Preheat the oven to 450 degrees F. Cut 2 pieces of parchment into 12 inch squares.

Season each fish with salt and pepper.  Mix the vegetables and herbs in a bowl and season with salt and pepper.

Divide the mixed vegetables and herbs into 2 and place 1 portion in the center of each paper. Place 1 fish filet over the vegetables.

Generously drizzle of the olive oil and white wine. I topped the fish with two lemon slices.



Fold up each packet and seal the edges by folding them over several times.

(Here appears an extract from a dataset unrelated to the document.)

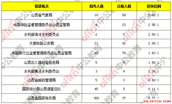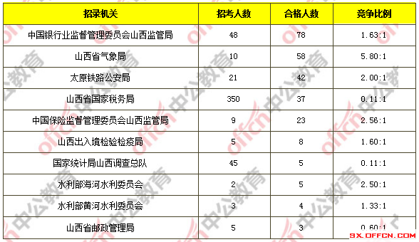 為幫助廣大考生更清晰的了解今日?qǐng)?bào)名情況,山西中公教育整理了審核通過人數(shù)前十位的部門以及競(jìng)爭(zhēng)比例最激烈的十大部門,供廣大考生參考:

Bake in the oven for 12 to 14 minutes, and serve hot, taking care of the steam that will blast from the hot packet.


Dinner, Fish & Seafood, French

Pan-seared Cod in a Champagne Shallot Sauce


Extremely elegant and ridiculously easy.  I suggest this as a speedy christmas eve dinner if your family has a tradition of dining on fish on the holiday.  If not, turn any night into a classy evening with just a few simple ingredients.  The only thing I insist on is fresh fish.


1lb fresh cod fillets

salt, pepper and parsley to season the fish

1 tbsp of olive oil

1 tbsp of chopped shallot

1 tsp of minced of garlic

1 tbsp flour

1/2 tbsp butter

1 cup of champagne


Heat half the oil in a skillet.

Season the fish with salt, pepper and parsley and sear til golden on both sides.  Remove and set aside.


In the same pan heat the rest of the oil and saute the garlic and shallots till fragrant.

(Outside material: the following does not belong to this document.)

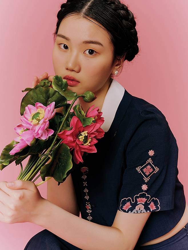 A : 스물세 살, 우연히 본 한복 사진과 사랑에 빠졌다. 광장시장에서 난생처음 한복을 맞췄는데 몸매에 대한 스트레스가 극심했던 당시에 한복 입은 내 모습이 예뻐 보이더라. 저고리가 짧고 타이트하며 치마는 풍성한 상박하후 ‘Y’ 자의 비대칭 형태, 끈으로 묶어 조절하는 ‘여밈’ 등 한복이 가진 가변성과 유연성을 토대로 내가 원하는 느낌을 만들고 싶다. 본질을 잊지 않기 위해 다양한 논문과 복식 자료를 살피며 보이는 그 이상의 이면을 생각한다. 아름다움을 극대화하면서 실용적인 ‘옷으로 기능하는 옷’을 만드는 것도 중요하게 생각하는 부분.

Add the flour and the butter the shallots and garlic and cook out the raw flavor of the flour ( till brownish in color)

De-galze the pan with champagne, whisking rapidly to prevent clumping of the flour.


Once the sauce in smooth return the fish to the sauce and simmer for 3-5min.



Plate the fish and drizzle the sauce over.  Serve hot with your favourite sides.